The homoscedasticity and the normal distribution within the technical replicates were tested using the Levene and Shapiro-Wilk test for all parameters. If the data showed homoscedasticity and normal distribution, comparisons were made using one-way ANOVAs and post-hoc Tukey tests. Otherwise, comparisons were made using a one-way Kruskal-Wallis analysis of variance and Dunn's post-hoc tests (pairwise comparisons with Dunn's test for multiple comparisons of independent samples). To avoid unnecessary repetition in the results section, information on tests, sample size, degrees of freedom and p-values were only provided at the relevant point in the text if no figure contained the corresponding data. Only differences with p-values below 0.05 were considered significant.

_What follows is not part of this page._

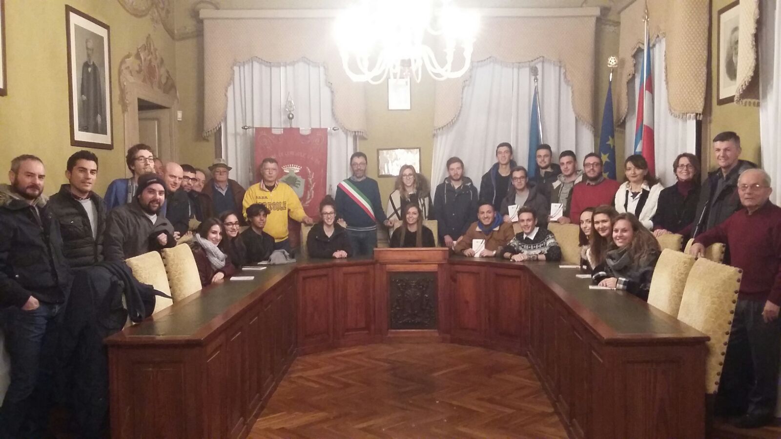 Nella foto: il gruppo dei diciottenni nella sala del Consiglio Comunale con amministratori e associazioni.

Possible differences in megafauna community composition between stations, sampling events and processing techniques were investigated by several non-metric multidimensional scaling diagrams (NMDS). For this purpose, densities (number of individuals per m²) for each higher taxonomic group at the corresponding level were used together with Bray-Curtis distance measures. With the exception of Supplementary Fig. 6a, in which three artificially generated replicates were used for extended validation of the old model, all replicates used were identical to those described above (further information in Supplementary Table 1). Stress values of 0.3 or more were interpreted as suspect, values below 0.2 as reliable, and values in between with caution. Analysis of similarities (ANOSIM) was performed for each NMDS representation, with ANOSIM applying 9999 permutations and Bray-Curtis distances for dissimilarity of the corresponding data sets. The function "r.g" (R Core Team 2022) was used to detect potential correlations between selected binary vectors. Indicator species analyses were performed to determine whether and - if so - which higher taxonomic groups were significantly associated with which station, sampling event and/or processing technique.
The differences between the overall densities of the individual stations, sampling methods and processing techniques and the specific densities of the higher taxonomic groups as well as Sargassum densities were investigated by comparing the corresponding data sets. The mean values were obtained from the aforementioned number of replicates. When variability is given in the text for megafauna density and Sargassum coverage it is provided as mean ± SD.